13)他の内科医より感染症診療に強くなる
例えば結核診療、真菌感染症、ウイルス感染などの肺感染症を対応する機会があり、感染症診療に強くなります。
14)気管支鏡検査が楽しい
日々の診療の中で楽しいことが見つかるといいと思います。呼吸器内科といえば気管支鏡検査ですが、私は気管支鏡検査が好きなタイプです。例えば、難しそうな末梢の肺野病変に対する気管支鏡検査で、診断がつくと、嬉しく感じます。なかなかうまく診断に至らないこともありますが、手技の上達を実感すると楽しいです。
15)転職をする際に選択肢が多い、困らない
呼吸器内科医は数が少なく、一方で呼吸器症状で困っている方が多いため、勤務先には困ることがありません。
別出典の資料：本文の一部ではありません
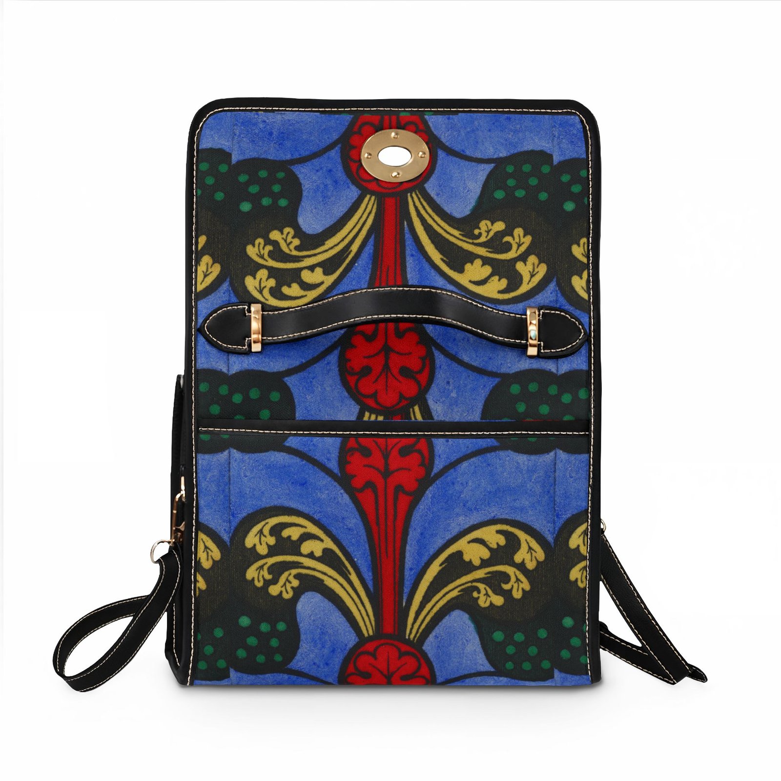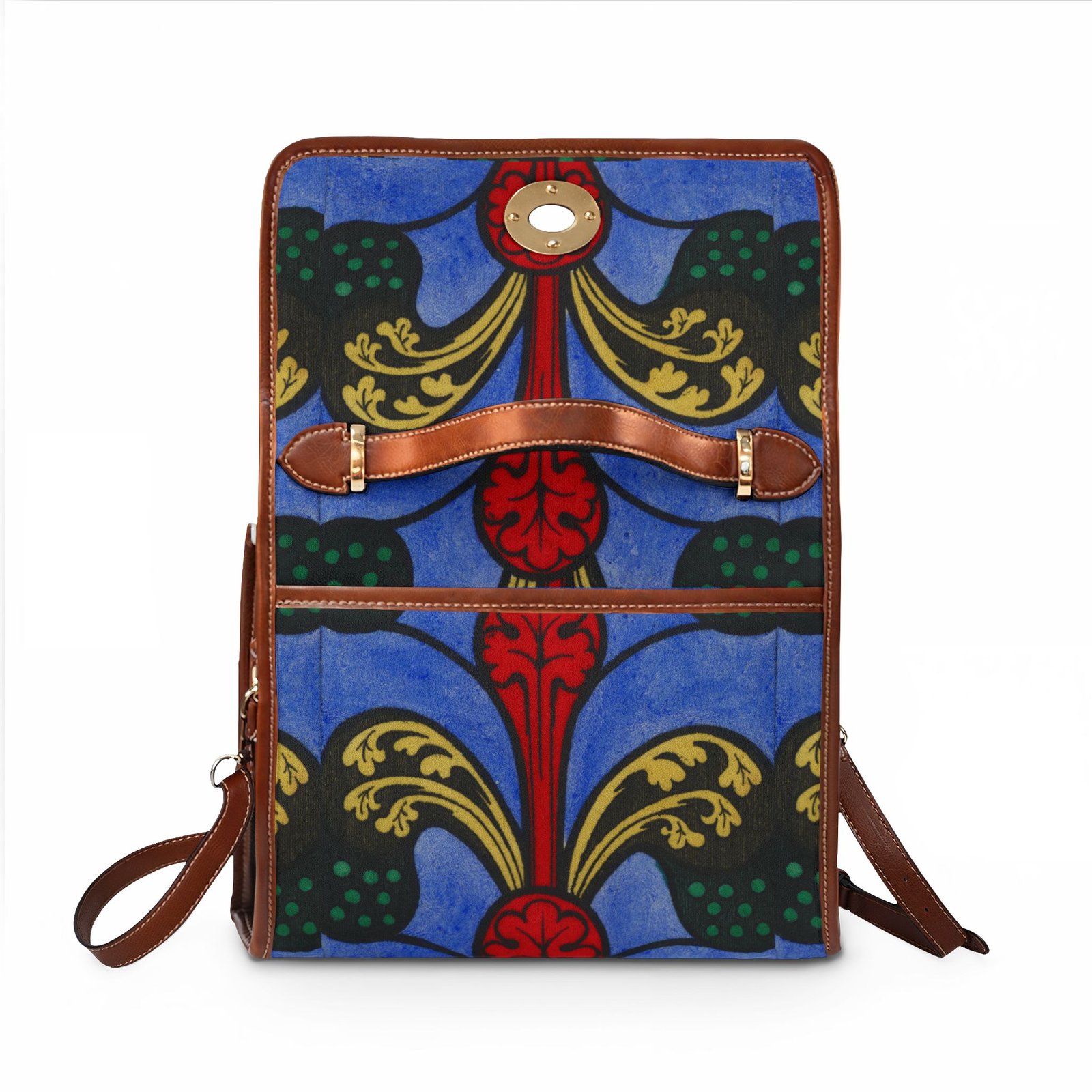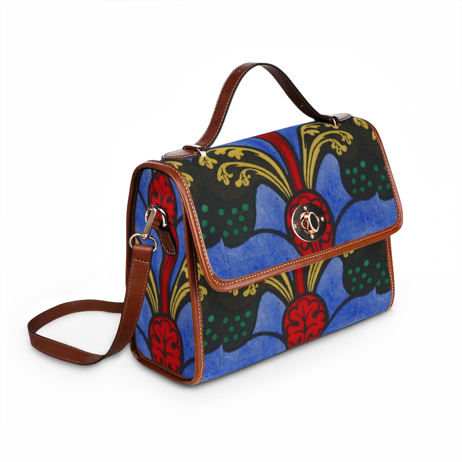 This waterproof canvas bag brings bold, artistic color to everyday life. Rich blues and deep reds form a vintage-inspired motif that stands out whether you’re commuting, traveling, or strolling through a weekend market. The structured silhouette, double PU leather handles, and neat brass hardware feel familiar and reassuring — like an old favorite with a modern, water-ready update. Inside, two pockets (one zip) keep small essentials organized. Carry it by the top handle for polished days, or swap on the removable shoulder strap for hands-free movement when you’re chasing errands or exploring the city.

実際、私は転職活動をしましたが、呼吸器内科医の需要は高いので、転職活動はし易かったです。
まとめ
今回は私自身が呼吸器内科医になってみて良かったと感じていることを記事にしてみました。
もちろん、忙しい診療科の1つですし、診療をしても助からない症例も多い診療科ですが、患者さんと深く関わり、その人らしい医療を提供できる魅力的な診療科です。この記事を読んでみて、呼吸器内科に興味を持たれた方は、呼吸器内科医の先生に話を聞いてみてください!